▶ _Work to be completed_
What is needed is an exact reproduction of the lines from the one that contains "嬉しそうな子供の声に、思わず" through the end of the data, both included and nothing else, with pictures omitted.

▶ _Supplied material_
Segment Open
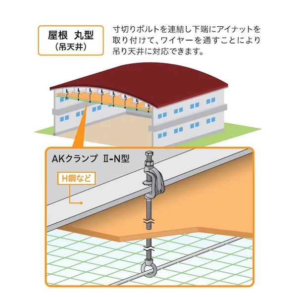パイプ吊り金具、照明、ケーブルラックなどを吊り下げることができます。
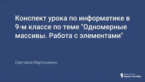 На уроке дается понятие массива, типа массива, индекса. Дети учатся работать по заданному алгоритму, применять знания при решении задач, расширяется кругозор в области использования массивов, развивается логическое мышление. Урок прививает учащимся навык самостоятельности в работе, чувство уважения к науке.
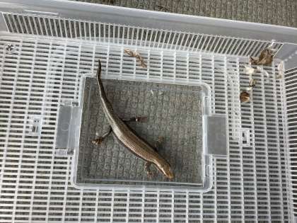 嬉しそうな子供の声に、思わず見に行くと、なんとツルッツルの美しいトカゲがそこに・・・。
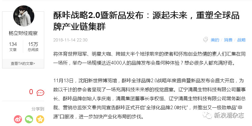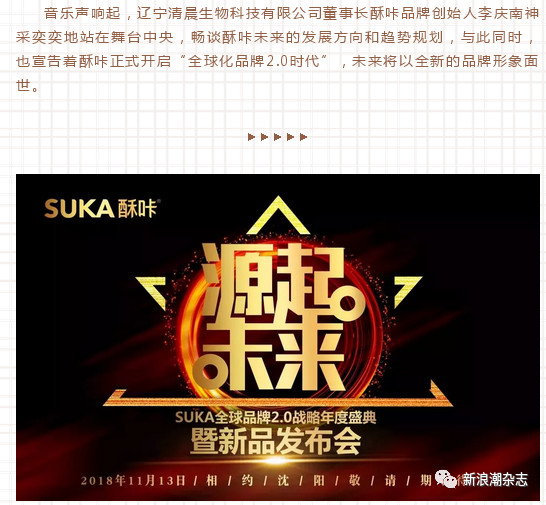 11月13日,酥咔(广誉恒运营的产品品牌)全球品牌2.0战略年度盛典暨新品发布会沈阳新世界博览馆举行。新浪潮注意到,在此次大会上,广誉恒集团董事长李庆南有了一个新的身份:辽宁清晨生物科技有限公司(以下简称“清晨生物”)董事长。
Segment Closed
▶ _Task result_
 嬉しそうな子供の声に、思わず見に行くと、なんとツルッツルの美しいトカゲがそこに・・・。
 11月13日,酥咔(广誉恒运营的产品品牌)全球品牌2.0战略年度盛典暨新品发布会沈阳新世界博览馆举行。新浪潮注意到,在此次大会上,广誉恒集团董事长李庆南有了一个新的身份:辽宁清晨生物科技有限公司(以下简称“清晨生物”)董事长。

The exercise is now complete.